Mr. Woodward [holding answer 6 July 2006]: My right hon. Friend the Secretary of State has had no such discussions. The award of the contract for over the counter sales of television licences is a commercial decision for the BBC (as television licensing authority). Prior to the announcement of the corporation's decision, DCMS officials had been briefed by the BBC, and liaised with officials at the Department of Trade and Industry.
Mrs. James: To ask the Secretary of State for Culture, Media and Sport what recent representations she has received regarding the withdrawal of television licence savings stamps. 
Mr. Woodward: The Department for Culture, Media and Sport had received 13 representations primarily about the withdrawal of TV licence savings stamps at the end of June 2006. A small number of representations about other aspects of the licensing system also referred to savings stamps but are not recorded separately. The Department has also answered two other recent parliamentary questions about the withdrawal of savings stamps.
Sir Peter Soulsby: To ask the Secretary of State for Culture, Media and Sport how many households in Leicester have television receiving equipment; and what proportion receive a signal from (a) Waltham television transmitter (BBC), (b) Sutton Coldfield television transmitter (BBC) and (c) other BBC transmitters. 
Mr. Woodward: Nationally, an estimated 97.6 per cent. of households have television reception equipment. We do not have local figures for Leicester.
Most viewers in Leicester can get signals either from the Waltham transmitter or from a small transmitter in the city which relays Walthams signals. The Sutton Coldfield transmitter does overlap Waltham across most of the city and there are a few parts (notably the Wigston area of the city and a section to the south-west of the city centre) where only Sutton Coldfield provides adequate signals.
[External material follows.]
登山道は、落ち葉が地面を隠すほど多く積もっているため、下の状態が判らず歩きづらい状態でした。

Sammy Wilson: To ask the Secretary of State for Northern Ireland how many incidences there have been of pupils making serious allegations against teachers in Northern Ireland in each of the last five years; and in how many of these cases the allegations were proved to be false or unfounded. 
Maria Eagle: The Department does not collect the information on the basis requested.
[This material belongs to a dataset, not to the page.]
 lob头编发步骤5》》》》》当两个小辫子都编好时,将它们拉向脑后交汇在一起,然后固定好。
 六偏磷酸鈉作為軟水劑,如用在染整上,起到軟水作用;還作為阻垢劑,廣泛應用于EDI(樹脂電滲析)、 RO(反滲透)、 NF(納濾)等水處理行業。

The Department has undertaken an audit recently with all employing authorities to collect information about staff, both teaching and non-teaching, who have been suspended from duty following allegations of child abuse. This information has been collected to inform the work of a review group established to look at the use of precautionary suspension when allegations of child abuse are made against members of staff. I expect to receive a report of the findings, including an analysis of this data, and proposals for new guidance from the review group in the autumn and I intend to publish both the report and the proposals later this year.
Mr. Gregory Campbell: To ask the Secretary of State for Northern Ireland when preparatory work began in Northern Ireland for the 2011 Census; and what it will involve. 
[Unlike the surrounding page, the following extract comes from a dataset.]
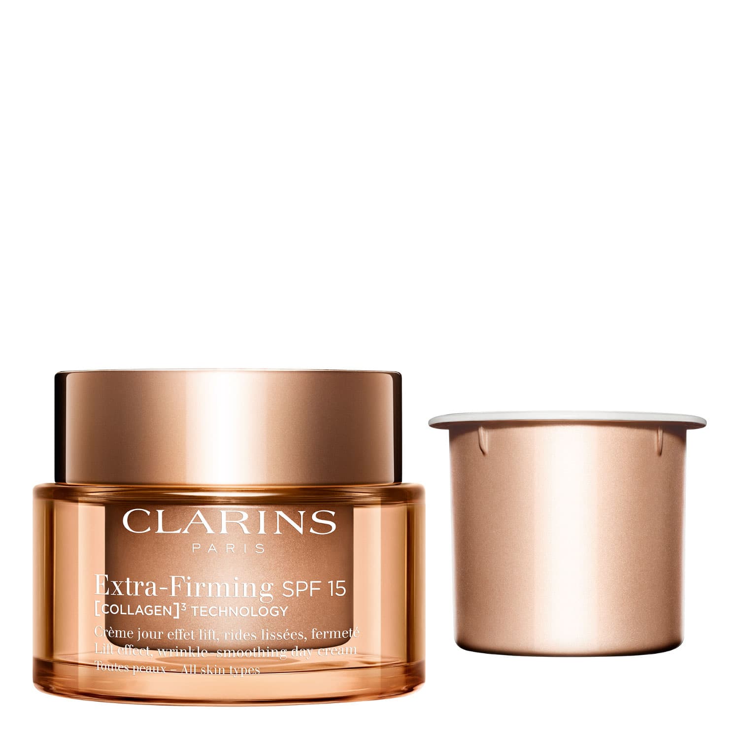 Diese straffende Tagescreme mit SPF 15 und der exklusiven Clarins Innovation [COLLAGEN]³ TECHNOLOGY liefert nachgewiesene High-Performance-Ergebnisse. Kollagen-Polypeptid + Pekannussbaum-Extrakt + Mitracarpus-Extrakt bilden ein leistungsstarkes Trio von Pro-Kollagen-Wikrkstoffen. Zusätzlich ist die Tagespflege mit Niacinamid angereichert. Es hilft, den Hautton auszugleichen und die Ausstrahlung der Haut zu verbessern. Die cremige Textur schenkt der Haut intensives Komfortgefühl und Schützt vor den negativen Auswirkungen von UV-Strahlen. Vereinfacht das anschließende Auftragen von Makeup.Durch die Verwendung dieses Refills für den Originaltiegel lässt sich die Umweltbelastung signifikant senken.

Mr. Hanson: Preparatory work for the 2011 Census began in Northern Ireland during 2003, in line with developments across the rest of the UK. The work involved includes (i) reviewing and evaluating key aspects of the 2001 Census operation, (ii) developing, testing and evaluating new topics/questions, enumeration procedures and statistical methodologies, (iii) procuring systems and services to assist with the data collection, processing and output phases of the Census and (iv) consultation with users. Proposals for the 2011 Census will be brought forward in a White Paper in 2008.